La République démocratique du Congo a célébré la Journée de l’enfant africain à l’Institut Technique Commercial (ITC) de Maluku, dans l’est de Kinshasa. La cérémonie s’est déroulée le mardi 16 juin en présence de la ministre d’État en charge de l’Éducation nationale et Nouvelle Citoyenneté, Raïssa Malu, de la ministre du Genre, Famille et Enfant, Micheline Ombae Kalama, ainsi que de plusieurs autorités nationales, provinciales et partenaires de développement.
Placée sous le thème continental : « Garantir l’accès universel à l’eau, à l’assainissement et à l’hygiène pour chaque enfant en Afrique », cette commémoration a permis de mettre en lumière les défis qui subsistent en matière de protection de l’enfance tout en réaffirmant les engagements du gouvernement en faveur du bien-être des enfants congolais.
Dans son allocution, la ministre du Genre, Famille et Enfant a souligné que la protection de l’enfance constitue aujourd’hui l’une des priorités du gouvernement congolais.
« Protéger un enfant, c’est protéger la République elle-même », a déclaré Micheline Ombae Kalama, estimant que l’avenir du pays dépend directement de l’investissement accordé aux générations futures.
La ministre a rappelé que cette vision s’inscrit dans les orientations du président de la République, Félix-Antoine Tshisekedi Tshilombo, mises en œuvre sous la coordination de la Première ministre Judith Suminwa Tuluka. Selon elle, les questions liées à l’accès à l’eau potable, à l’hygiène, à l’assainissement et à la protection sociale occupent désormais une place centrale dans les politiques publiques destinées aux enfants.

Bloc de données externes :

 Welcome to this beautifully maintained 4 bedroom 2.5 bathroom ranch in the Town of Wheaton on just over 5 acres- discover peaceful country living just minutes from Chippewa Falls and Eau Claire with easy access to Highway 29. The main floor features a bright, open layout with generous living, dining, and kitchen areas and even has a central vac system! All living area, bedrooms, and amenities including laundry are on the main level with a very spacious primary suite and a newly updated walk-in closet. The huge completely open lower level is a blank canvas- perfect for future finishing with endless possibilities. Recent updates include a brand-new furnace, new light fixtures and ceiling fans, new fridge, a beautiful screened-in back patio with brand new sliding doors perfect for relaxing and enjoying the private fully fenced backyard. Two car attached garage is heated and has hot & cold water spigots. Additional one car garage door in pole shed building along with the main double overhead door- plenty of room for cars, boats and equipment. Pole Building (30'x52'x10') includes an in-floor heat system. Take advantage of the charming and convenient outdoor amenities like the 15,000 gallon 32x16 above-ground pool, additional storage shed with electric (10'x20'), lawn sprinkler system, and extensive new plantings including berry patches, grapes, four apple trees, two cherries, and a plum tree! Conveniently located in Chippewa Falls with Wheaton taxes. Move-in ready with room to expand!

Elle a notamment mis en avant les avancées enregistrées ces derniers mois avec la validation de la Politique nationale de l’enfant à la fin de l’année 2025 et le lancement progressif de sa mise en œuvre à travers l’installation des structures de participation des enfants sur l’ensemble du territoire national.
Pour Micheline Ombae, cette politique constitue une véritable feuille de route visant à améliorer les conditions de vie des enfants et à garantir un accès équitable aux services essentiels.
« Grâce à un engagement parlementaire ferme et à la nouvelle Politique nationale de l’enfant validée fin 2025, la RDC s’est dotée d’une feuille de route ambitieuse : garantir un accès universel à ces services vitaux d’ici 2035 pour bâtir un avenir d’excellence à chaque enfant congolais », a-t-elle affirmé.

La ministre a également insisté sur l’urgence d’accélérer les efforts en matière d’accès à l’eau potable, à l’assainissement et à l’hygiène. Des défis qui continuent de peser sur la santé, la scolarité et l’épanouissement de millions d’enfants à travers le pays, particulièrement dans les zones rurales et les milieux vulnérables.
Au cours de la cérémonie, les enfants reporters venus de plusieurs provinces ont pris la parole pour exprimer leurs préoccupations. Ils ont plaidé pour un accompagnement accru en faveur des enfants vivant dans les régions affectées par les conflits armés, les zones rurales enclavées et les communautés les plus fragiles.
Leur intervention a rappelé que les droits de l’enfant demeurent un enjeu majeur de développement et nécessitent une mobilisation continue des pouvoirs publics, des partenaires et de la société dans son ensemble.
La célébration s’est clôturée par la remise de kits d’hygiène aux élèves de l’ITC Maluku. Ces kits comprenaient notamment des savons, des détergents, des dispositifs de lavage des mains, des raclettes ainsi que des bandes hygiéniques destinées aux jeunes filles.
Instituée par l’Organisation de l’unité africaine, devenue Union africaine, la Journée de l’enfant africain est célébrée chaque 16 juin en mémoire du soulèvement des élèves de Soweto, en Afrique du Sud, en 1976. Elle demeure un moment privilégié de réflexion sur les droits des enfants africains et sur les actions à mener pour leur garantir un avenir meilleur.
Par cette commémoration, la RDC a réaffirmé sa volonté de faire de la protection de l’enfance, de l’accès aux services de base et du développement du capital humain les piliers d’un avenir plus inclusif et plus prospère.